The archive producer on the film, Paul Bell, who also worked on Senna, introduced the screening, by saying we should save the applauds to the end credits, as the film could not have been made without of all who provided their footage. With the home videos from family and friends, and answer message from Amy, we get very close up and personal with her.

Apparently it took months for the director to gain peoples trust, in order to use the footage from Amy’s friends. Kapadia tells the list: “It was all quite recent and painful for a lot of people, and there was a lot of guilt and mistrust. There was a lot of baggage.”

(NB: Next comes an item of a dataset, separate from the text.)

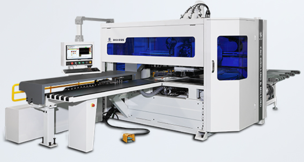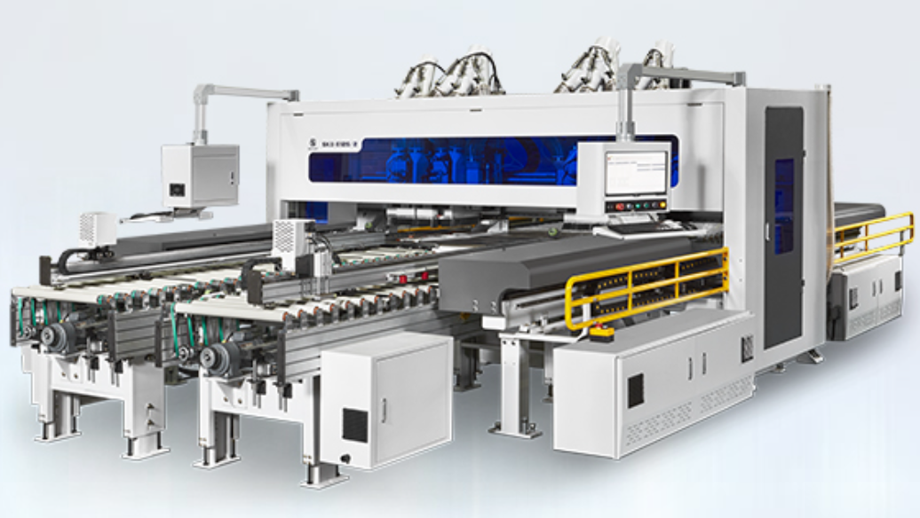 打孔工序多是采用通过式排钻设备,相对较容易实现自动化生产。自动化生产线主要需解决两个问题:一是调节好与上下工序衔接后的生产节拍,可以根据生产情况建立多条并列的排钻线;二是对于不同的板材需要打不同类型的孔,这就得使用不同的排钻设备,主要是指双排钻和多排钻等。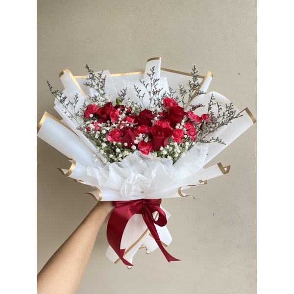 bouquet flower fresh rose red heart viral murah gading serpong tangerang

The constant filming of key moment by her near ones is eerie, as it seems done on purpose to later be exploited. It also highlights the fact that we have become obsessed with capturing our lives on camera, the rise in use of mobile phones to capture everyday life makes it possible to make an archive film about anyone’s life.

The distance of four years is not a lot but Amy the film is a document of an era; of the music scene in London; the drugs; eating disorders; the media’s frenzy and our obsession with celebrity.

The real tragedy is how the whole community failed in shielding and honouring a talent of Amy’s kind. In the words of Jazz Legend Toni Bennett “Jazz is a wonderful art…the great ones that are very talented, know just how to turn jazz singing into a performance that’s unforgettable, and Amy had that gift.” He compared her to the likes of Billie Holiday and Dinah Washington.

Amy is brilliant and heartbreaking, the use of archive footage, interviews and photographs lets Amy’s own voice, poems and music take center stage and her incredible voice echoes inside you well after leaving the cinema.